A través de la represión, ejercida por parte del Estado, se han eliminado todos los intentos de
rebelión, a todo pensamiento crítico se lo tildó de subversivo, y la mayor consecuencia de esto fue la
pérdida de la libertad que tanto pregonaba en su nacimiento, y la desarticulación del movimiento
popular, fomentando cada vez más el individualismo y la soledad. Así, estos efectos, que podríamos
llamar negativos, no son casuales, ni productos del error, sino que son en sí mismos la esencia y el
requisito fundamental para que esta situación perversa sobreviva.

Los mecanismos de poder actúan en nuestras conciencias legitimando este modelo y


mostrándolo como si fuera el único posible.

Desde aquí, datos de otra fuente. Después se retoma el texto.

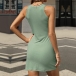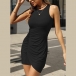 Fashion Solid Color Round Neck Sleeveless Ruched Bodycon Tank Dress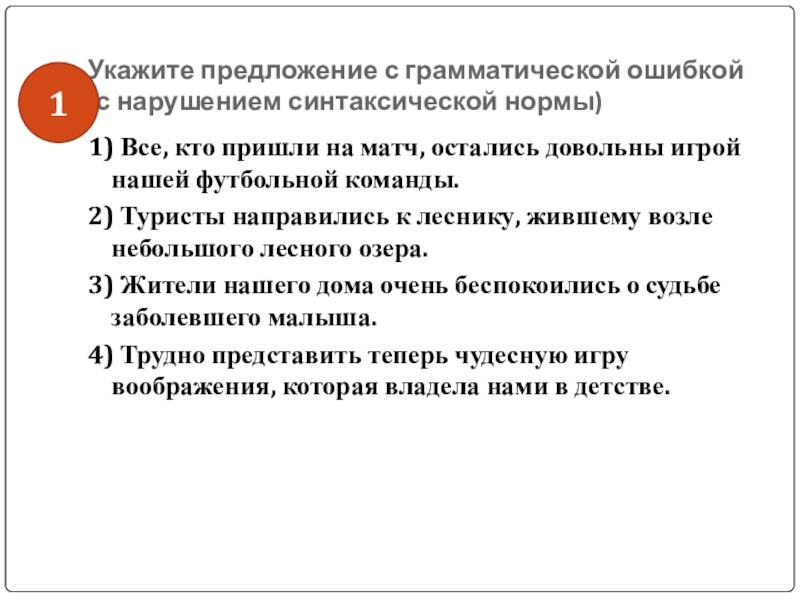 Слайд 30Укажите предложение с грамматической ошибкой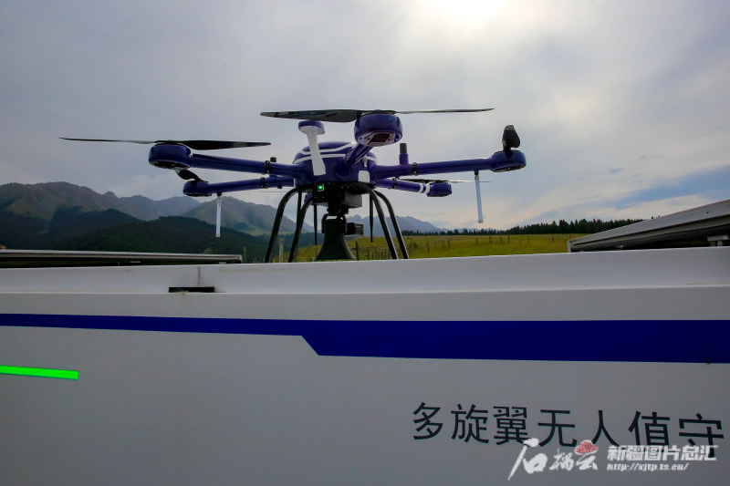 8月6日,乌鲁木齐县菊花台森林草原防火无人机+自动化机库系统自检出库,准备起飞。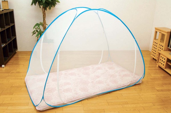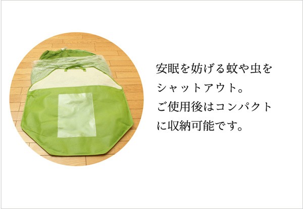 簡単に組み立てる事が出来る蚊帳です。底の部分まで網を張っていますので、完全に蚊の侵入を防ぎお子様を守ります。ベビーベッドの上にもきれいにおさめる事が出来ます。気になるクーラーや扇風機の風も直接当たりません。収納時はコンパクトに折りたためますので、収納スペースを取りません。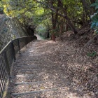 ここから坂を登ります。意外とトラックが突然来るので、注意して登ります。坂というよりここははっきり言って山ですね。標高差は麓から200m以上はありそうです(写真④)。傾斜も急で結構きついです。当時は今のような舗装された道などないので、昔の人は獣道や崖を鎧を着て槍や鉄砲をかついだまま、よくまあ登ったものだと感心します。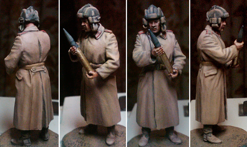Доброе время суток! Не знаю на какой стадии покраска, но ниже пояса шинель..несколько небрежно...переходы между темным и светлым!

Esto convierte a la pobreza, a la injusticia y a las crisis
de la participación en una suerte de fenómenos naturales. La naturalización de estos fenómenos
agrava la situación ya que nos convence cada vez más de que las cosas son así y no de que están
así, llegando a considerar que no podemos hacer nada para cambiarlas.

Los únicos beneficiarios de estos mecanismos de la sociedad actual son los intereses del
gran capital internacional. Los intereses objetivos de la clase dominante se han transformado en
nuestros intereses subjetivos legitimando así una sociedad que perjudica y empobrece a la mayoría
de su población. Es justamente allí donde radica su éxito, en naturalizar los valores de la clase
dominante de tal manera que su superioridad sea considerada obvia (Sirvent, 2001).

La gran hija de la Modernidad, ¿también en crisis?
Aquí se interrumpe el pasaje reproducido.